今日は、佐世保方面へ営業。社用車に乗り込もうとしたら、窓にベットリ鳩の糞。駐車している倉庫に、鳩が番いで棲み着いているのだ。N君がテニスボールを投げたり、入り口にCDを下げたりしているが効果がない。「クソタレがぁ」と悪態をついてみる。水でウンを流して出かけた。

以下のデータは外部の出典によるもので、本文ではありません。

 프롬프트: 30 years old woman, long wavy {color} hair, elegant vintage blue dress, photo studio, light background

2時間程で、佐世保市街地に入る。交差点で、右折しようとしてウインカーをあげ右折帯に入って停止しているバスに、片側2車線の車道を横切って年配の女性が近寄っていった。乗降口の扉を叩いて、しきりになにやら訴えはじめる。どうやら、乗せろと言っているらしい。運転手としては、こんなところで乗せるわけにはいかないのだろう、押し問答が続いている模様。女性が車体に手をかけているので、バスも動くに動けないようだ。信号が変わって後続車からクラクションを鳴らされるが、しかし動じないのだ、永く生きてきた女性たるものは。私のような社会人が、しゃかりきで守っている常識的日常が、ささいな非常識によって綻びるシーンに立ち会うのは、ちょっと溜飲が下がる心地がする。直進車線でバスの少し後方にいた私は、顛末を最後まで見ていたかったけれど、私の守る常識がそれを許さず、後続車にせっつかれてその場をあとにする。

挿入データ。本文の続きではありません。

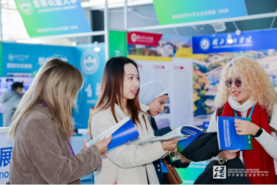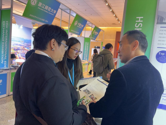 会议期间,学生们积极参与“中外青年中文对话”“HSK 新版教程体验”等特色环节,沉浸式感受中文教育前沿动态,同时在“中文数字资源展”体验“HSK GO”等创新工具,与工作人员交流咨询。学院留学生招生办的特色展位成为热门打卡点,工作人员现场发放多语种宣传资料,解答入学申请等相关问题。

昼食を挟んで佐世保近辺の顧客を巡り、波佐見町方面へ足を伸ばして帰路につく。バス停の横で信号待ちしていると、窓を叩かれた。リュックを背負った老婦人で、川棚を通るか? と聞いてきた。国立病院まで乗せてくれまいか、というのだ。どうぞ、と後部座席を示したけれど、助手席に乗りこんできた。八十八歳になるそうで、入院している夫の元へ、毎日顔を出すらしい。ヒッチハイクが手慣れているので、こんな風に誰にでも声をかけるのか、と聞いてみた。

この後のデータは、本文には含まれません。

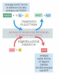 La membrana mitocondriale interna, pertanto, agisce da trasduttore: converte l’energia degli elettroni provenienti da NADH e FADH₂ nell’energia del legame fosfato dell’ATP (Figura 05.12-08). Questo processo, definito fosforilazione ossidativa, comprende simultaneamente l’utilizzo di O₂ e la fosforilazione dell’ADP a ATP. In molte cellule animali si ottengono in media circa 2,5 molecole di ATP per ogni NADH ossidato e circa 1,5 per ogni FADH₂, valori che possono variare in funzione delle condizioni fisiologiche e dell’assetto della catena respiratoria.

「そがん、ダイモカイモにゃ、声はかけん。ウチャ、目ぇの肥えとるけん」

なにやらモテた気分。下りるとき、黒糖飴を二個、手に握らせてくれた。しっかり握っていたのだろう、飴は少しべたついて、剥がした包み紙が手にくっついた。明日は大型物件の入札で五島へ前泊。この分ならフェリーの旅も穏やかだろう。飴をしゃぶりながら、少し陽の傾いた大村湾沿いを帰った。